The most common symptom of a migraine is a severe headache on one side of the brain. The pain is generally moderate to the severe throbbing sensation that worsens with movement and hinders people from performing routine tasks. Migraines are divided into four stages. It’s possible that individuals won’t go through each step every time they get a migraine.

  • Prodrome. The initial stage might last anywhere from just a few hours to many days. It’s possible that people won’t notice it because it doesn’t appear every day. Hunger pangs, inexplicable mood swings, uncontrolled yawning, water retention, and frequent urination are among early indications and symptoms.
  • Aura. The aura phase can last somewhere from five to sixty minutes. People may see dazzling or intense lighting, as well as weave lines if individuals are experiencing this phase. Muscle weakening can occur, as well as the sensation of being touched or gripped. A migraine aura might occur shortly prior to the actual headache.
  • Headache. A migraine normally begins slowly and progresses to a more severe form. The headache might persist anywhere from four to 72 hours. Drilling, pounding, or the feeling of an ice pick in the skull, generally on one side of the head, are common descriptions.
  • Postdrome. The postdrome stage lasts one or two days. It’s known as a migraine “hangover,” and it affects 80 percent of migraine sufferers.

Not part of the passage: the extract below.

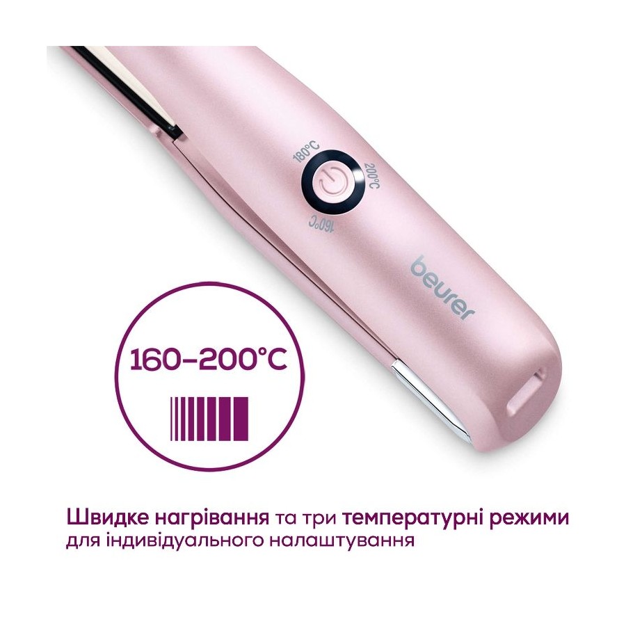 Випрямляч Beurer, безпровідний, mini-USB, 25Вт, темп.режимів-3, >200С, заряд на 20хв, кераміка, турмалін, рожевий (HS_20)

Migraines are treated in a variety of ways.

A migraine might occur once a year, once a week, or any time in between. The most typical migraine headache frequency is two to four per month. First, speak to a doctor practitioner about the concerns. They are capable of diagnosing migraine headaches and initiating therapy. It’s possible that it’ll be needed to see a headache expert.

Symptoms can be relieved with a variety of medications. Triptans, ergotamine medicines, and pain medications are among them. The earlier we start taking the drug, the better. People can avoid migraines by making simple lifestyle modifications. Workout, mindfulness training, and biofeedback are all stress control methodologies that may help to lessen the frequency and intensity of migraines.